World Sleep Day is March 15th , just a couple of days away. I wanted to give you some warning, so you don’t miss it. “World Sleep Day® is designed to raise awareness of sleep as a human privilege that is often compromised by the habits of modern life.” Boy, does that statement ring true. In fact, the Centers for Disease Control (CDC) considers insufficient sleep a national epidemic in the USA.
I remember being so tired during my working career that I’d fall fast asleep in airports… while sitting up. Mouth open, drool trailing down my chin… I’m sure I painted quite the professional picture. I could have probably slept hanging from a hook in those days. I was always sleep-deprived. The pressures of work, family, finances, just daily life in general were enough to rob me of precious sleep at night and I never seemed able to catch up. Or prior to that, what about multiple nightly feedings for newborns. I never thought I’d get a full night’s sleep ever again. For that matter, more recently, being on Nine of Cups with watch every three hours 24x7 on long passages was a sleep challenge at times. I’m sure you can all relate to being sleep deprived due to work, family life and just sleeplessness for no apparent reason.
8 Ways to Celebrate World Sleep Day
How do you celebrate World Sleep Day? Well, this day provides a perfect opportunity to check out your sleep habits and effect a change if it’s necessary. Here’s eight ideas you might consider.
Evaluate your caffeine, nicotine and alcohol consumption
Everyone knows that coffee and other caffeine-rich beverages like tea and soft drinks are stimulants and can keep you awake. Nicotine can do the same. Though alcohol makes some people sleepy, in actuality, it is a stimulant as well and can prevent you from entering deeper, more restful stages of sleep.
A sleep diary is a record of your sleep habits and patterns and includes information such as the time you went to bed, how much exercise you did during the day, what meds you take and when and several other criteria. The American Association of Sleep Medicine has a download that might help you get started with your diary.
3. Figuring out how much sleep you need
The amount of sleep you require differs with age, lifestyle and health. Most of us were brought up with the notion that eight hours of sleep per night was adequate. It might just be that you require more to be fully rested. Check out what the US CDC has to offer as to the amount of sleep humans require. It might surprise you.
The World Sleep Day organization offers activities throughout the USA and the 55 countries that participate in the celebration.
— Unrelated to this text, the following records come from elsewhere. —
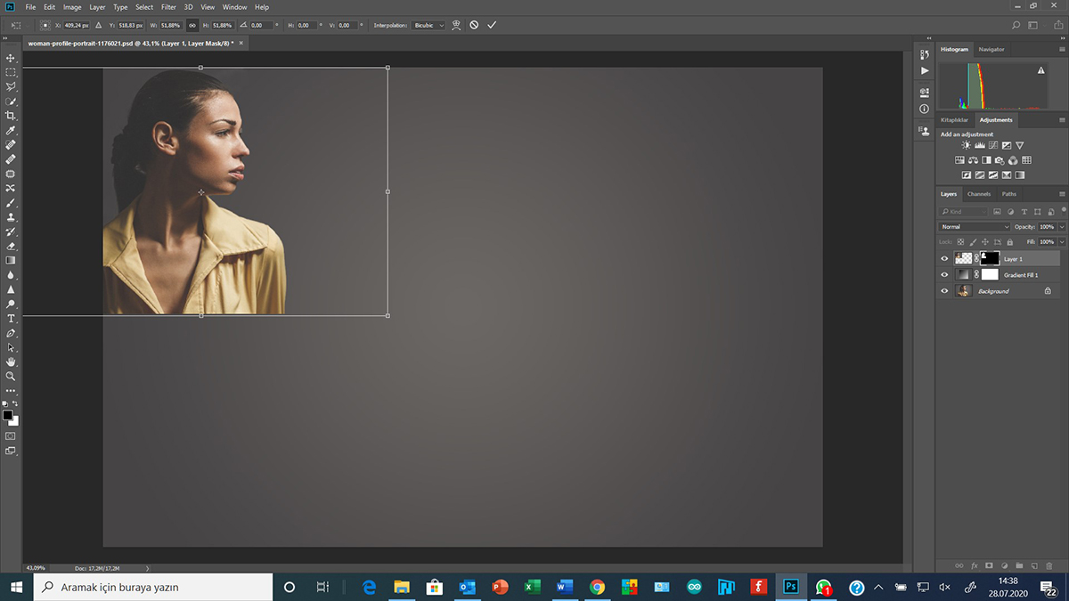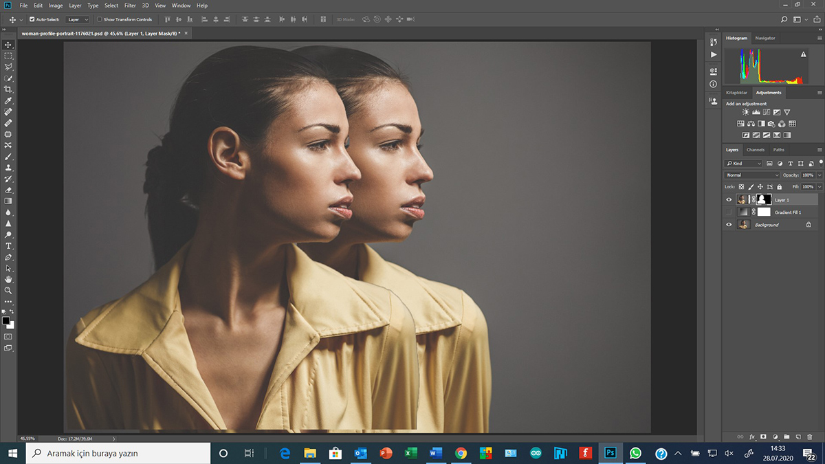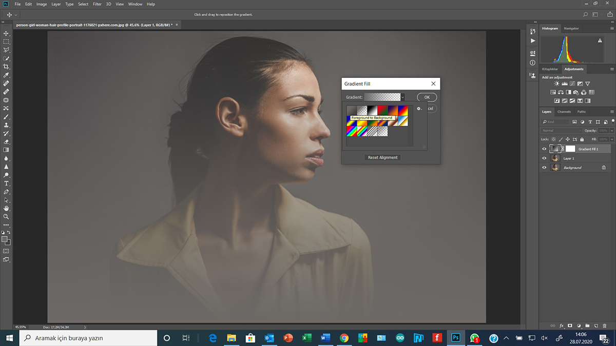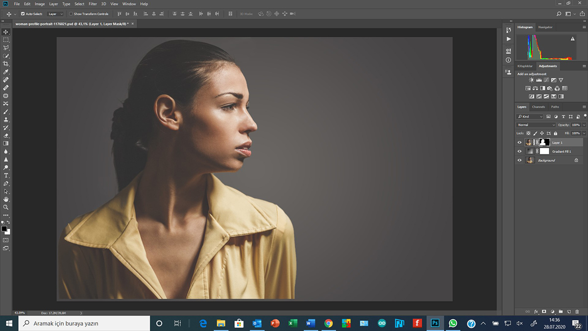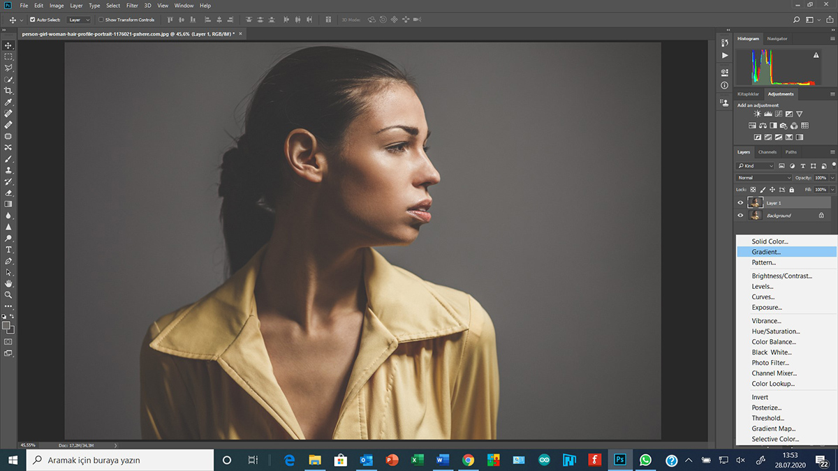 Her zamanki gibi asıl fotoğrafı açalım. Modeli bize göre sola doğru çekmemiz gerekiyor. Ancak bunu yaparken arka planın bozulmaması gerek. Bunu “Adjustment Layer” da yer alan “Gradient” ile yapacağız. “Gradient” kullanmamızın nedeni orijinal fotoğrafın arka fonu “Radial Gradient”.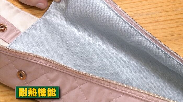 外はキルティングデザイン、内側は耐熱機能がある素材で、旅行先などでは使用後も熱いまま時間をおかずに、しまって持ち運べます。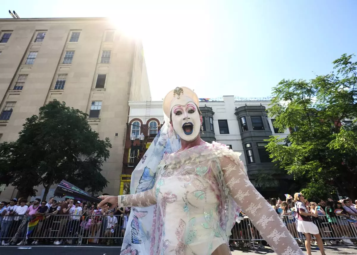 Along the parade route, hundreds gathered outside the National City Christian Church as rainbow flags and balloons lined its steps and columns. A child with rainbow face paint blew bubbles at the base of the steps while Whitney Houston’s “I Wanna Dance with Somebody” blared from loudspeakers.

Their motto for 2019 is “Healthy Sleep. Healthy Aging”.
5. Plan ahead for sleep.
The National Sleep Foundation offers a bedtime calculator based on the amount of sleep you need. It’s not rocket science… if you want 8 hours of sleep, go to bed 8 hours before you have to get up. Right? Well, it’s probably not quite that easy. The same website will provide lots of insight into how diet, sleep conditions, activity, dreams and much more, affect how long and how well you sleep.
6. Need a new mattress?
This should be a no-brainer, but it’s not. How often do people sleep on lumpy, bumpy 10+-year-old mattresses and then complain about sore backs and sleeplessness. If your mattress is the culprit, give it the old heave-ho and find a new, more suitable one. The Better Sleep Council indicates that 7 years is about the limit for a mattress. Their website provides some ways to evaluate your current mattress and some suggestions for buying new. And don’t forget the importance of good pillows!
7. Sleep Tracking Apps
There are a plethora of sleep tracking apps available today. Just Google ‘sleep apps’ and you’ll be nearly overwhelmed with your findings. I have a sleep app on my Garmin Vivofit3. It tells me how much sleep I’ve had including average deep sleep, average light sleep and average awake minutes. I’m not sure how accurate it is, but when I feel unrested in the morning, I can usually see it reflected in my morning sleep results.
8. Embrace the Spanish Concept of the Siesta
The Spanish call it ‘siesta’; the Italians call it ‘riposo’. It’s a designated time during the day for a rest period. I call it a ‘nap’. The restorative powers of a short nap during the day are well-documented and make good sense. Make sure you don’t nap too long though or you won’t sleep at night.
There you have it… eight ways to celebrate World Sleep Day without even leaving the comfort of your living room sofa. Hopefully I didn’t put you to sleep reading this blog. It’s okay to nod off… just so long as you managed to finish reading. Now, however, you’re free to celebrate by taking a nap.